This is what Glenn Greenwald, columnist and blogger for the Guardian, tweeted yesterday:
Instead of criticizing Snowden for trying to stay out of US prisons, we should ask why whistleblowers in the US feel compelled to flee— Glenn Greenwald (@ggreenwald) June 10, 2013
This is indeed a just question and probably an answer as well to Edward Snowden’s immediate escape to Hong Kong.
Previous whistleblowers in the history of the United States haven’t fared that well after disclosing their identities or leaking information.

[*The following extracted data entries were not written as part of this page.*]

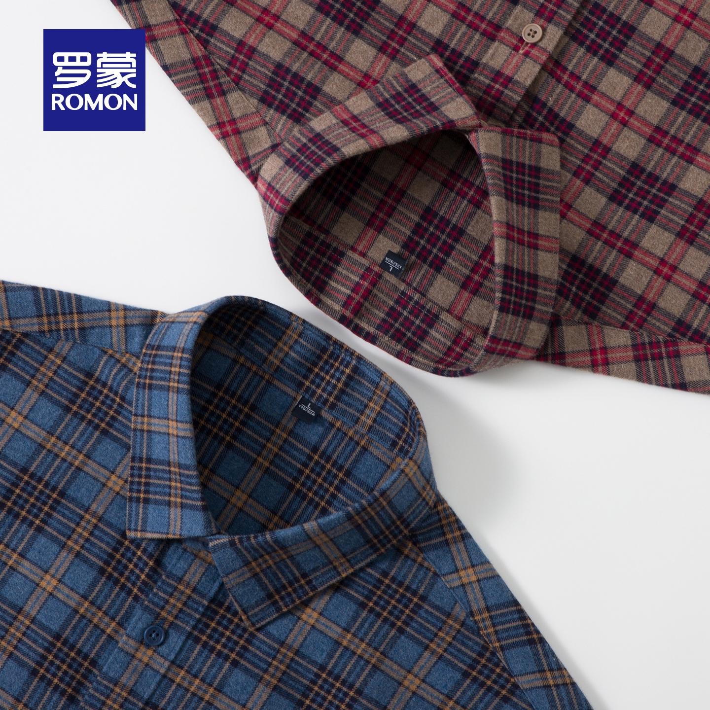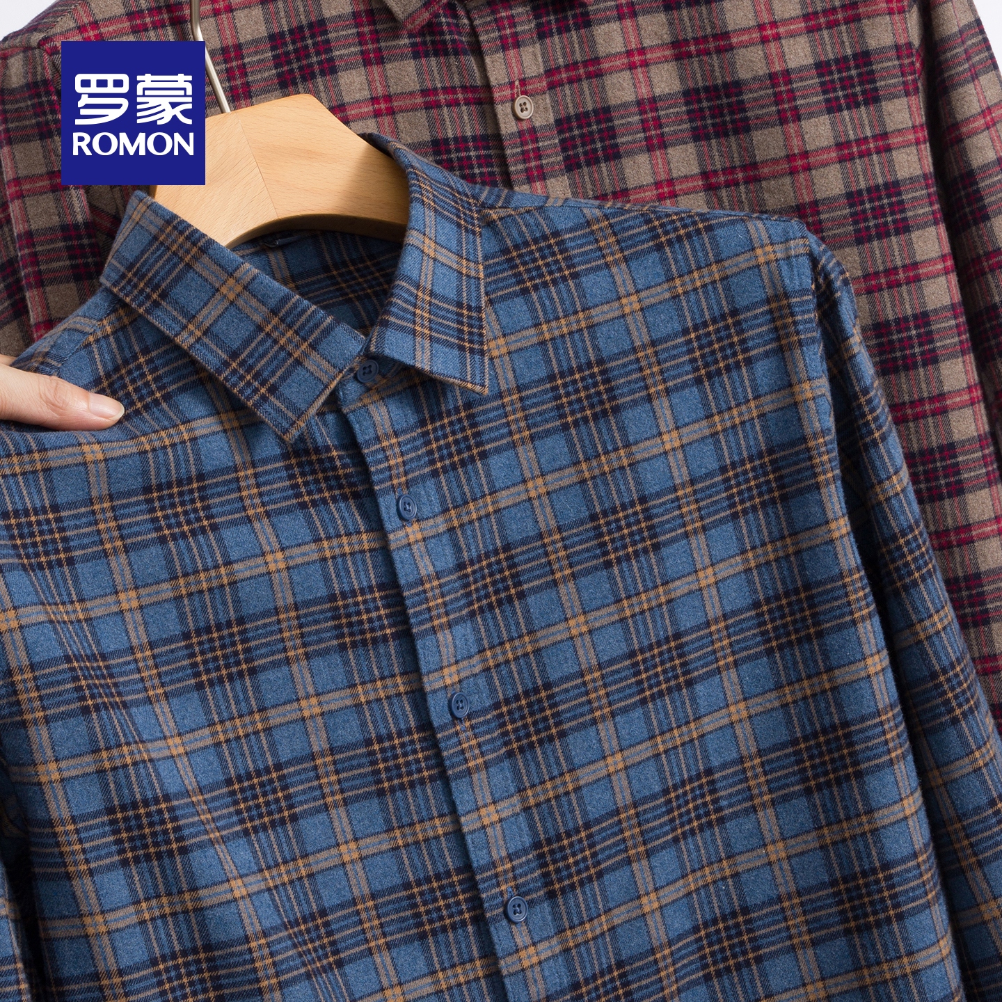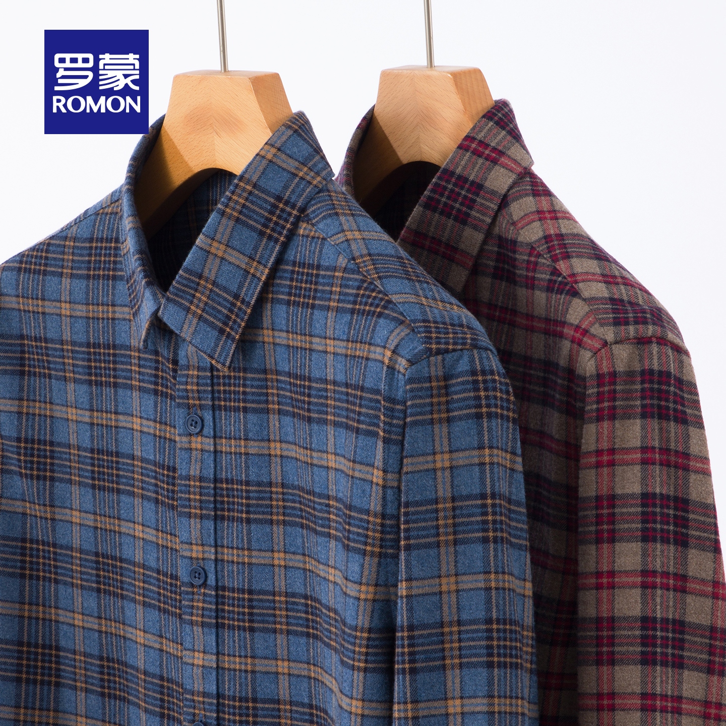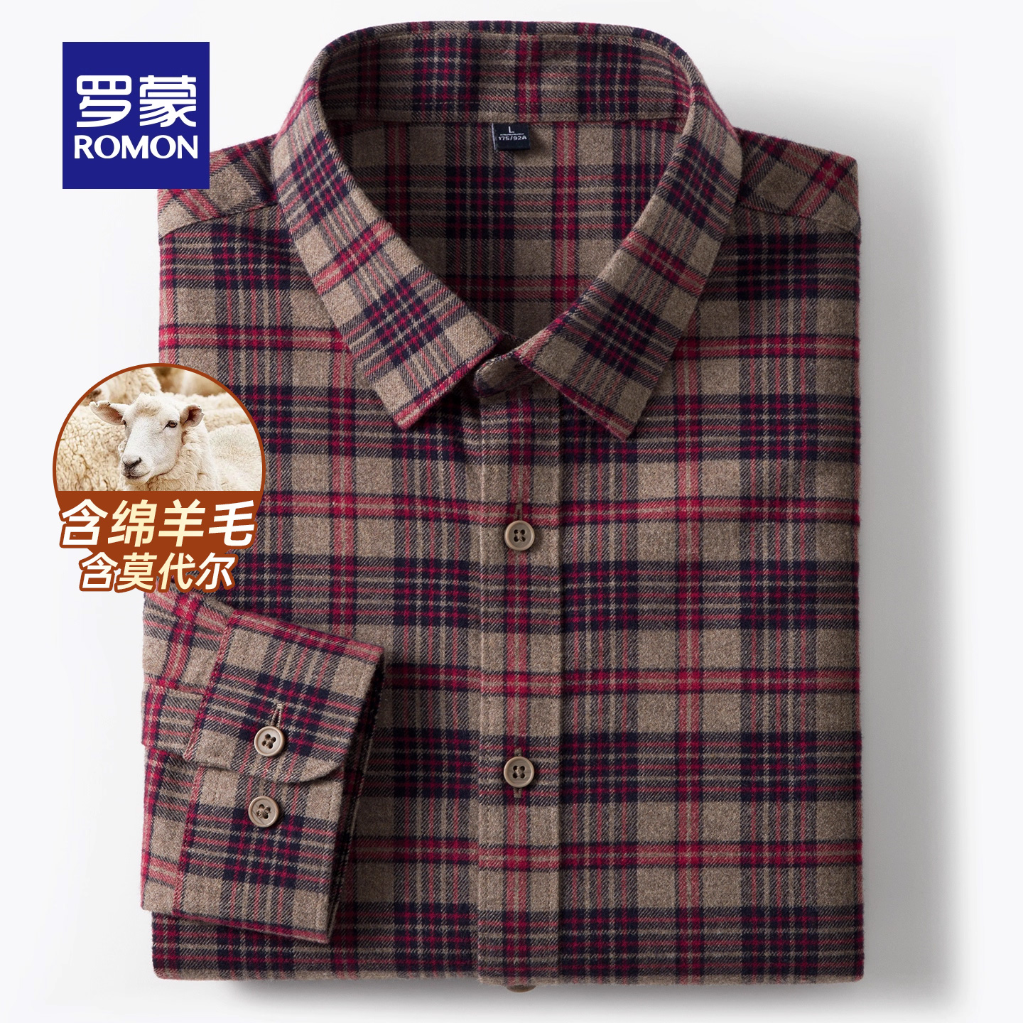 【含莫代尔+绵羊毛】罗蒙男士复古长袖衬衫2025秋季新款磨毛衬衣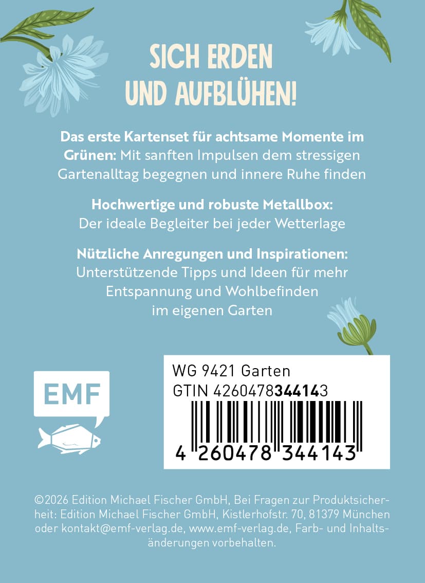 Dieses Kartenset wird mehr Leichtigkeit in den Gartenalltag bringen und deine innere Balance zurückbringen. Du wirst lernen, deine Aufgaben zu priorisieren, deine Umgebung bewusster wahrzunehmen und durch kleine Achtsamkeitsübungen mehr Entspannung und Lebensfreude zu spüren. Schon bald wirst du dich leichter, glücklicher und rundum wohl fühlen!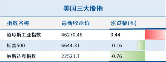 隔夜,美股三大指数收盘涨跌不一。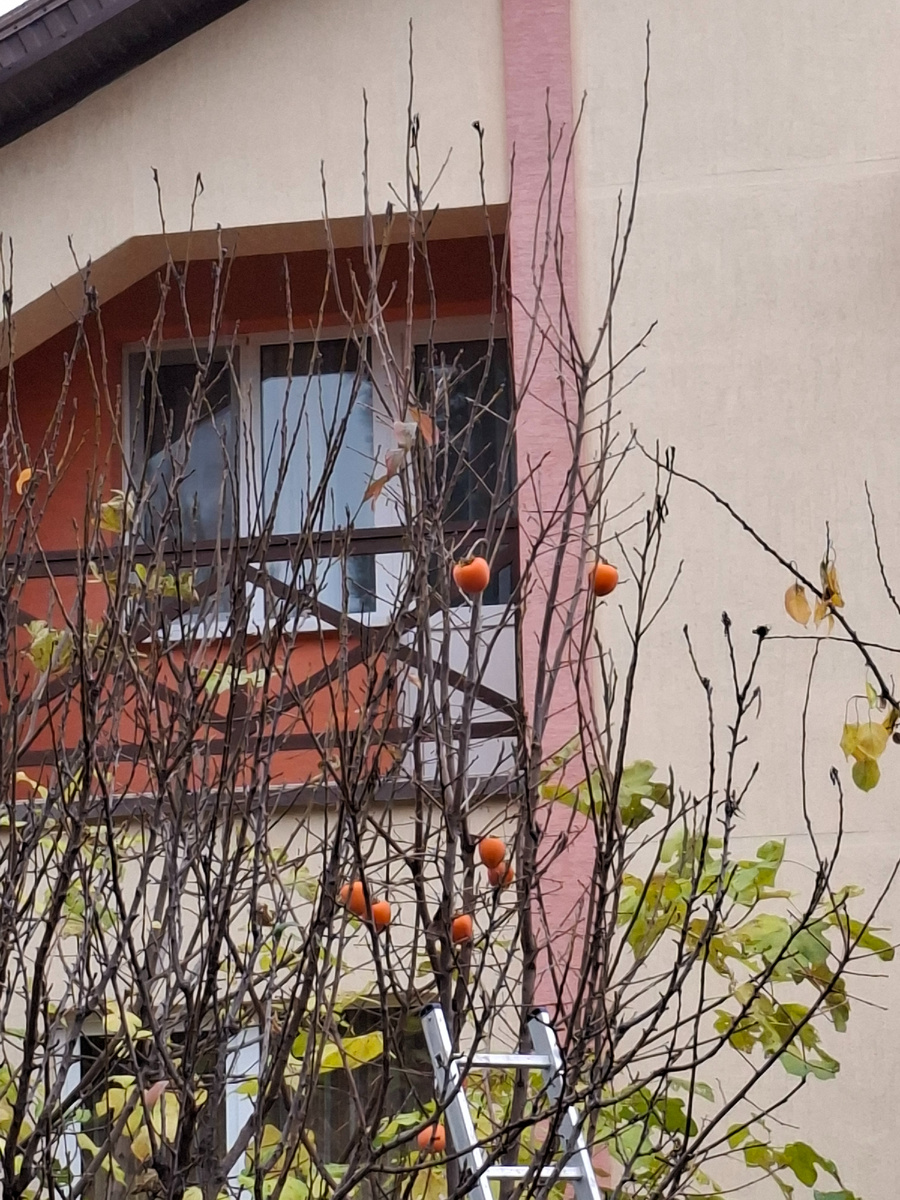 На старой улочке в Анапе было замечено дерево, увитое экзотическими плодами хурмы. Листья уже облетели, но плоды, к счастью, остались. Обнаружить такую красоту за высоким забором получилось не так просто — пришлось немного повозиться, но не каждый день встречаешь хурму в дикой природе.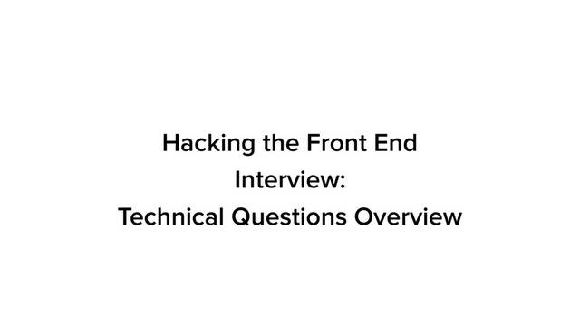 loop • Event bubbling • Apply, call, and bind • Callbacks and promises • Variable and function hoisting • Currying JavaScript Question Topics ForwardJS Hacking the Front End Interview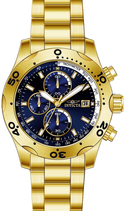 Gold-tone stainless steel case with a gold-tone stainless steel bracelet. Fixed gold-tone stainless steel bezel. Blue dial with luminous gold-tone sword-shaped hands and index hour markers. Minute markers. tachymeter markings around the outer rim. Dial Type: Analog. Luminescent hands and markers. Date display at the 3 o'clock position. Chronograph - sub-dials displaying: three - 60 second, 60 minute and 1/10th of a second. Hattori Caliber VD57 quartz movement. Scratch resistant flame fusion crystal. Screw down crown. Solid case back. Round case shape, case size: 45 mm, case thickness: 13 mm. Band width: 22 mm, band length: 8.8 inches. Fold over with safety release clasp. Water resistant at 50 meters / 165 feet. Functions: chronograph, date, hour, minute, second. Sport watch style. Watch label: Japan Movt. Invicta Specialty Chronograph Blue Dial Mens Watch 17751.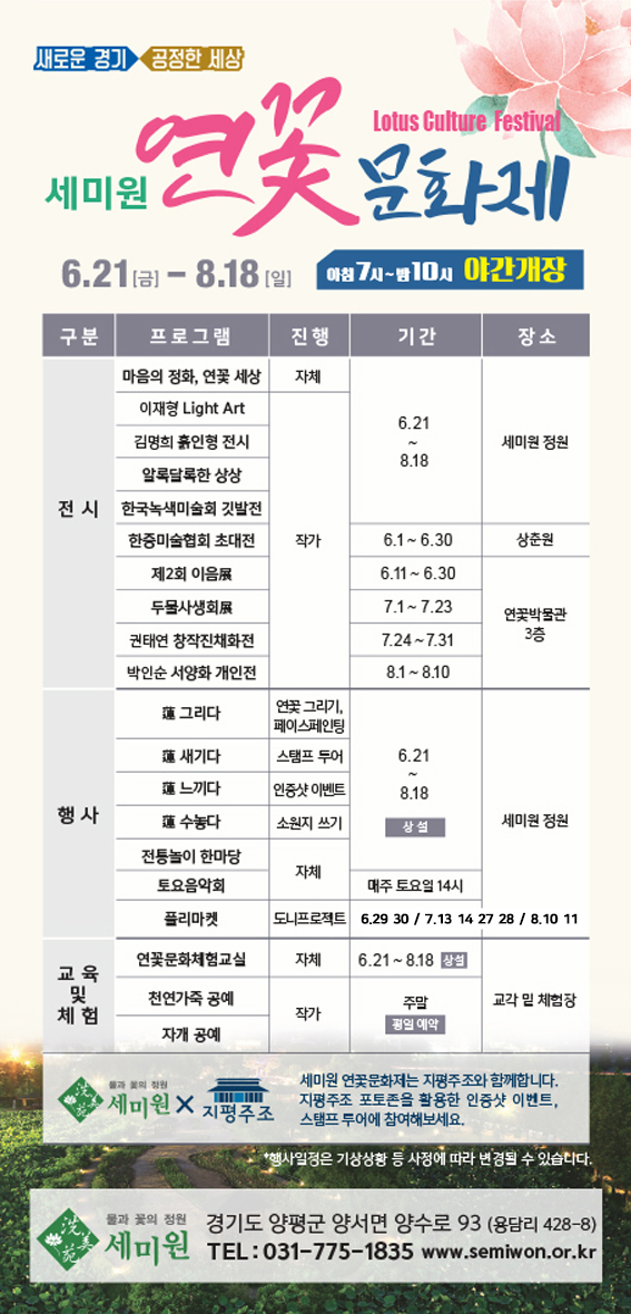 경기도 양평에 있는 세미원에서 축제가 열린다. 바로 오늘부터 8월 중순까지 <연꽃문화제>가 이어진다.

People expect something similar to happen to Snowden, ex-CIA agent who provided the top secret documents to news organizations like the Guardian and the Washington Post regarding the existence of a data-mining program codenamed PRISM.
The leaks have exposed some really important facts and realities about U.S. secret surveillance which may turn out to be acts of espionage by the American government. And the U.S. Justice Department on Monday said that was in the initial stages of a criminal investigation into the unauthorized disclosure of secret information following leaks that revealed the extent of U.S. surveillance.
And in order to escape criminal prosecution, soon after the secret information was made public Edward Snowden fled to Hong Kong and shortly after that he went ‘missing’ and later on it was reported that he went into hiding.
And Snowden is expected to remain that way for the time being. And it’s exactly what U.S. whistleblowers eventually do (or want to do), if we keep earlier examples into consideration.
Daniel Ellsberg was a U.S. military analyst who passed on top secret information, Pentagon Papers, regarding the Vietnam War to The New York Times. The leaks caused a lot of ‘political embarrassment’ for the then U.S. government’s policies which resulted in Ellsberg’s “mistrial” sentencing him for 105 years in prison. He was released afterwards but was arrested on different occasions in the following years for his political activism.
W. Mark Felt
Probably one of the greatest whistleblowers ever, W. Mark Felt aka “Deep Throat” was an agent with the Federal Bureau of Investigation (FBI). The information he passed on to investigative journalists Bob Woodward and Carl Bernstein brought down the government of President Richard Nixon. Felt in 1981 was convicted in a criminal trial in 1981. Though he was released eventually, Felt went into hiding in his own country for almost 30 years and in 2005 finally revealed that he was the source who leaked information from the FBI. He died three years later.
Joe Darby was a U.S. Army Reservist who leaked photos and proof of U.S. military abuse at Abu Gharaib Prison during the Iraq war in 2004. He gave that information to Seymour Hersh, a journalist and the CBS News TV show, 60 Minutes II.
Though Darby’s leak helped in the conviction of the military personnel involved in the abuse of Iraqi prisoner, the whistleblower’s family was moved to a new town and he expressed his ‘fears’ in a CBS interview saying, “I worry about the one guy who wants to get even with me.”
What Bradley Manning, a U.S. soldier stationed in Iraq, did was probably the most extensive leak in the U.S. history. He used his security clearance to release THREE QURTERS of a million secret documents to a website called Wikileaks. He was arrested in 2010 and charged with 22 offenses and his last trial was held on Monday. He faces life imprisonment if found guilty. While many consider him as a hero who revealed important information that probably helped dethrone dictators like Hosni Mobarak in Egypt and Gaddafi in Libya, some call him ‘an embittered traitor.’
Julian Assange is an Australian editor, publisher and activist and founder of Wikileaks, the controversial website which publicly disclosed the top secret information provided by Bradley Manning. Assange has been under house arrest in Ecuador’s embassy in London since he faces a possible death penalty on separate charges for publishing sensitive U.S. military and political data. Though he wasn’t a true U.S. whistleblower, he was majorly involved with Manning and was partly responsible for all that followed after the publication of the leaks.
What we see is that almost all the whistleblowers who dared to go against U.S. government policies were never important after the leak of information. Their careers were more or less finished off and their trials and convictions mostly eclipsed the work they had done. Not much is left for them in their own country after the disclosures and somehow Glenn Greenwald’s question is answered, if not fully, to some extent, but yes, it is answered.
And now the world is waiting to see what happens to Edward Snowden who has unveiled such sensitive information that might put Obama’s democratic government in danger, or at least, in a fix.